The right hon. Gentleman’s final point, on the situation in the North West Frontier and the federally administered tribal areas, deserves a much longer discussion. This is a long-standing issue, and the right hon. and learned Member for Kensington and Chelsea (Sir Malcolm Rifkind), who is a former Foreign Secretary, has written about it at length, with wisdom and insight. It would be wrong to say that we have seen any short-term spillover of the situation in Pakistan into the border area. However, there is far too much safe refuge for Taliban fighters across the border. Also, we have to recognise that Pakistan itself has suffered serious loss of life in trying to patrol that area. There are between 85,000 and 90,000 Pakistani frontier troops on the border, and I think that I am right in saying that the Pakistani frontier corps has suffered 1,000 losses in the border area in the past year, although I am happy to be corrected if that figure is not quite right. Pakistan is suffering losses, and when I met Government representatives there in July, they were keen to impress on me that, while there could be debates about tactics, they did not want us to doubt their commitment to putting men in harm’s way, as they have done.

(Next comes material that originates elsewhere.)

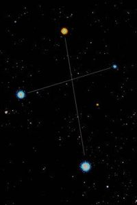 南十字星。十字の下端にあるアクルックスと左端のべクルックスは1等星

As I have said, this is a major issue for our strategy in Afghanistan, and the Prime Minister said yesterday that he will make a statement on Afghanistan next month. That will provide an opportunity to revisit this issue, but I am happy to find others as well.

May I endorse what the Foreign Secretary has said, and echo his concerns, which will be shared by many people in my constituency and elsewhere who have family and friends in Pakistan? He referred to the Commonwealth, and he will be aware that, when the military coup first took place in Pakistan some years ago, Pakistan’s membership of the Commonwealth was suspended. If Pakistan does not comply with the democratic values set out in the Harare declaration, and if there is no speedy return to civil liberties, no release of political prisoners and no setting of a date for elections, will my right hon. Friend bear it in mind that one of the sanctions that might be pursued, is, sadly, the renewed suspension of Pakistan from the Commonwealth?

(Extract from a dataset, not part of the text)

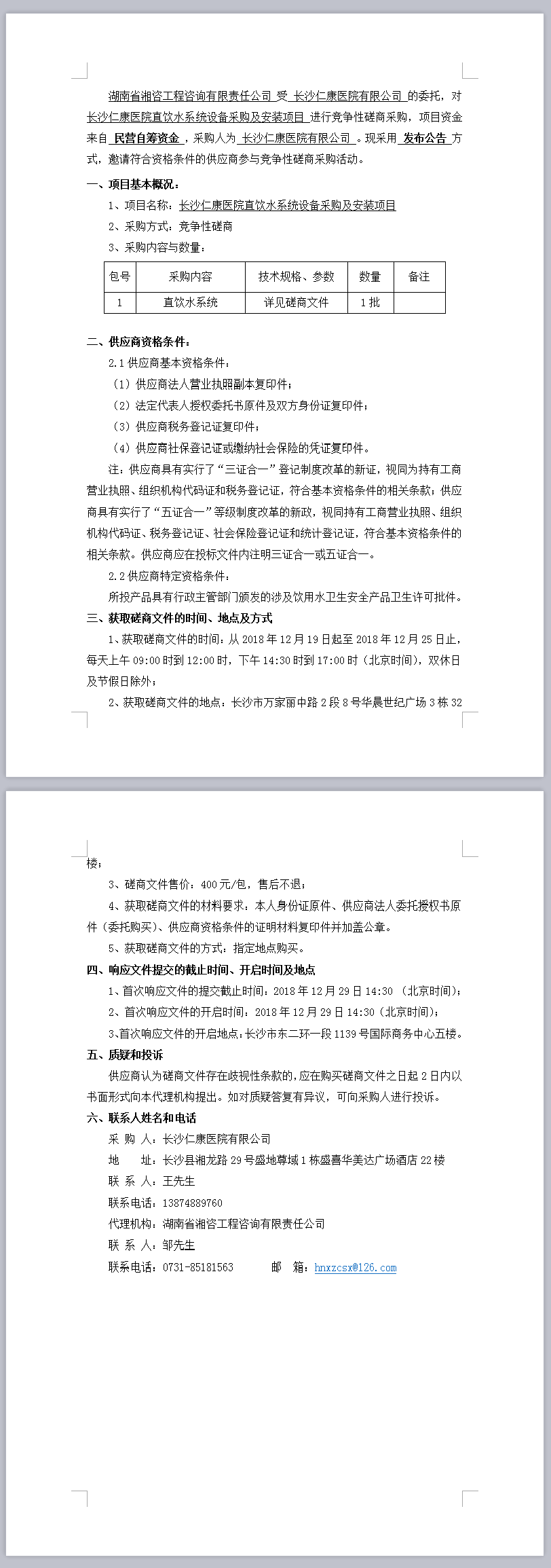 長沙仁康醫(yī)院直飲水系統(tǒng)設(shè)備采購及安裝項(xiàng)目磋商邀請公告

My hon. Friend speaks with authority on this matter, as Chair of the Foreign Affairs Committee. He is absolutely right to say that suspension is one of the sanctions available, and it will no doubt be discussed at the Commonwealth Heads of Government meeting if there is no change in the situation. One cannot help but note the irony of the fact that the Harare declaration is about good governance and human rights. It was indeed in Harare, however, that the declaration was first promulgated, and it is important that all members of the Commonwealth adhere to its contents.

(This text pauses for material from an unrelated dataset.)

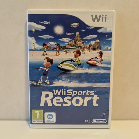 Nintendo Wii Sports Resort spel till Nintendo Wii. Fysiskt spel på skiva med omslag enligt bild. Spelet är märkt med PEGI 7 och är avsett för användning med Nintendo Wii-konsol. Innehåller olika sportminispel som spelas med Wii-fjärrkontroll och kompatibla tillbehör.

I welcome the Foreign Secretary’s statement and, like the shadow Foreign Secretary and the Chairman of the Foreign Affairs Committee, I echo his sentiments about yesterday’s tragedy in Afghanistan. As he said, that is an issue that we shall need to debate in due course.

The Liberal Democrats recognise the serious internal security challenges that Pakistan faces, not only now but over many years. Like others, we condemn the suspension of the constitution by General Musharraf as totally inappropriate and unacceptable. Similarly, we understand the importance of the United Kingdom’s relationship with Pakistan, at all sorts of different levels, not least in relation to security. However, that cannot continue to be a justification for tolerating the abuses of the promises that General Musharraf has made over many years to restore his country to democracy. Notwithstanding what the Foreign Secretary said earlier about threats, will he confirm that we will take action, along with our allies, against Pakistan if the elections do not proceed as originally promised?

Does the Foreign Secretary also agree that General Musharraf, in addition to his democratic failings, has also failed the security tests that his countrymen and women and the international community have set for him? Does the right hon. Gentleman therefore accept that, at this crucial moment, on the grounds of principle and pragmatism, Britain and the rest of the international community should not simply settle for the return of a façade of constitutionalism in Pakistan?

I thank the hon. Gentleman for his comments and support. He is absolutely right that there are no grounds for tolerating the abuse of power or the breaking of promises. Let me take up his two points.

The hon. Gentleman spoke about taking action against Pakistan. I am sure that he would want to join me in saying that any action would have to be very careful to distinguish between the Government of Pakistan and the people of Pakistan. As I said in my statement, much of the new aid is focused on education, so that reinforces the point that we must be careful not to engage in loose talk—although I am not accusing the hon. Gentleman of engaging in it—about what actions we should take. I know that he would accept that any action must be targeted against the perpetrators of the actions that we deplore. We must ensure that the people of Pakistan do not suffer. It is worth noting that the country spends less than 2 per cent. of its national income on education, which makes our educational aid very important. Longer-term discussions are necessary about the path of development that Pakistan sees for itself.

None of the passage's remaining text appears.